7. BÖLÜM ♥

188 15 1
                                    

(Emre Aydın-Duymak İstiyorum )


Okulun bahçesine girdiğimde gözlerim Elif'i aradı. Omzuma dokunan el ile irkildim ve refleks olarak o tarafa yöneldim. Elin sahibi Araf'tı... ''Günaydın...''

Soğuk bir sesle ''Sana da!'' dedim ve yürümeye başladım. Onunla bir anda iyi olamazdım. Mesafeli davranmaya kararlıydım ve ne olursa olsun bu kararımın arkasında durmalıydım...

Arkamdan yetişti ve ''Bugün 4. günümüz sevgilim...'' dedi. 'Sevgilim'i bilerek, üstüne basa basa söylemişti. İlk başlarda Araf'tan hoşlansam bile, bu ukala tavırları Araf ile aramıza buzdan duvar örmüştü.

Araf'a dönüp, elimi belime koydum ve ''3 gün sonra, 10 metre yanına yaklaşmayacağım!'' diye bağırdım.

 Araf yaklaşıp, tam karşımda durdu ve ''O kadar emin olma Asya...'' dedi. İsmimi belki binlerce kez duymuştum ama sanki Araf başka bir dilde telaffuz ediyordu. Aslında hoşuma bile gitmişti...

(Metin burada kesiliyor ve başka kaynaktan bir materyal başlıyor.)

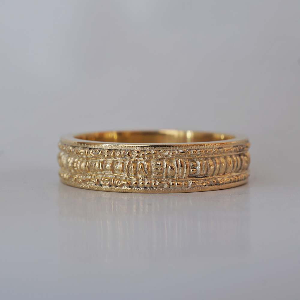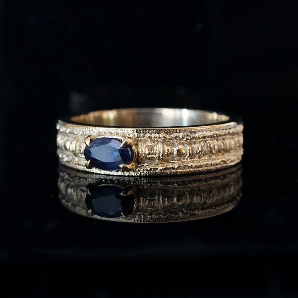 At its center gleams a majestic natural blue sapphire, reminiscent of the deep azure hues of the Nile River as it winds its way through the Egyptian landscape where the Pharoahs once walked. Set against a backdrop of rich, textured metal, the sapphire exudes an aura of power and mystique, capturing the essence of the majestic Egyptian wilderness. The design of this ring draws inspiration from the rugged landscapes and intricate patterns found in the desert sands and rocky pyramids of Egypt. Each detail is meticulously crafted to evoke the raw beauty of nature, from the subtle texture of the metal to the organic shapes that adorn the band. Handcrafted in your choice of 14K or 18K solid gold.
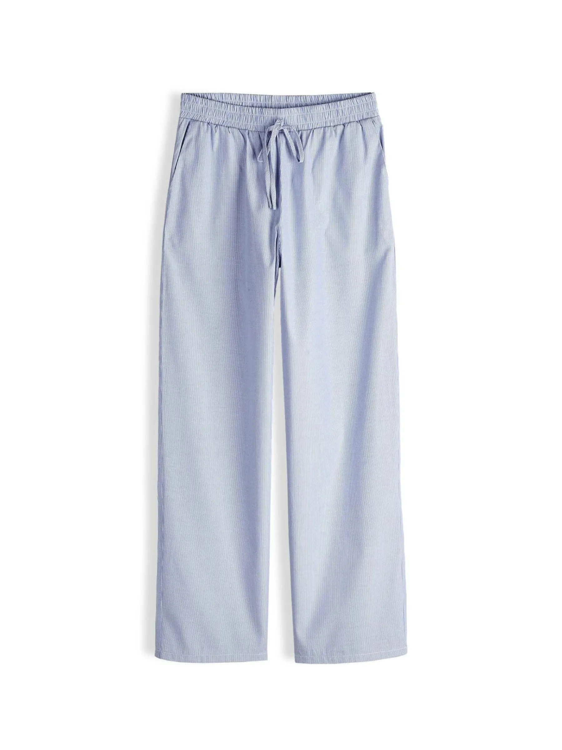 Kolor: niebieskiKrój: szerokieTyp: spodnieDługość: dlugiePattern style: w prążkiDetal: ze sznurowaniemMateriał: m…

''Şu an seninle ilgilenmiyorum.'' . 

Sert çıkışım Araf'ı sinirlendirmişe benziyordu ve ''Neyle ilgilendiğinle ilgilenmiyorum! Sevgilimsen öyle davran!'' dedi.

 ''Ne istiyorsun Araf?'' diye sordum.

 Gözlerini kısarak ''Okul çıkışı spor salonuna gideceğiz. Haberin olsun.'' dedi. 

Yenilgiyi kabul ettim ve ''Peki... Şimdi gider misin?'' diye sordum. 

Araf kollarını açtı ve ''Peki SEVGİLİM! Nasıl istersen...'' deyip, göz kırptı ve yanımdan ayrıldı. Bu sefer 'sevgilim'i bağırarak söylemişti. Belli ki oyun istiyordu ve ben ona istediğini verecektim... Araf giderken sol elimi kaldırdım ve dört parmağımı hareket ettirerek ona oldukça şımarık bir 'güle güle' işareti yaptım. Araf Ersöz daha kiminle dans ettiğini bilmiyordu...

....

Araf gittikten sonra, nihayet Elif'i bulabilmiştim. Okulun arka bahçesinde bir bankta, Onur ile kahve içiyorlardı. Gülümseyerek yanlarına yaklaştım ve ''Günaydın kanka... Günaydın enişte bey...'' dedim.

 İkisi de sözlenmiş gibi aynı anda ''Günaydın Asya...'' dediler. 

Sorma gereği duymadan, Elif'in yanına yerleştim. ''Oo kahve mi içiyorsunuz? Onur bana da alır mısın?'' diye sordum.

 ''Tabi Baldız.'' dedi ve Elif'e dönerek ''Hemen gelirim sevgilim...'' diye ekledi. Ayağa kalkınca, Elif'in yanağını öptü ve gitti. Burası buram buram aşk kokuyordu... 

Onur gidince Elif'e döndüm ve ''Yardımına ihtiyacım var kanka...'' dedim.

...

Elif'e tam olarak planımı anlattığımda, kızılın yüzünde sinsi bir sırıtış oluşmuştu. Şimdi Elif'in makyaj malzemeleriyle, okulun kızlar tuvaletindeydik. Özel bir okul olduğu için, yeni müdür makyaja karışmıyordu.

Tuvaletteki kalorifere yaslandım ve Elif'in yüzüme yaptığı makyajın bitmesini bekledim. Elif işinin bittiğini söyleyince, aynaya ilerledim ve kendimi inceledim. Morarmış yeri perçemle kapatmıştık ve düzleştirdiğim saçlarımı at kuyruğu yapmıştık. Makyaj olarak, bordo ruj, siyah göz kalemi ve takma kirpik kullanmıştık. Ben nadir zamanlarda makyaj yapan biriydim. Bu yüzden bu ani değişim herkesi şaşırtacağa benziyordu.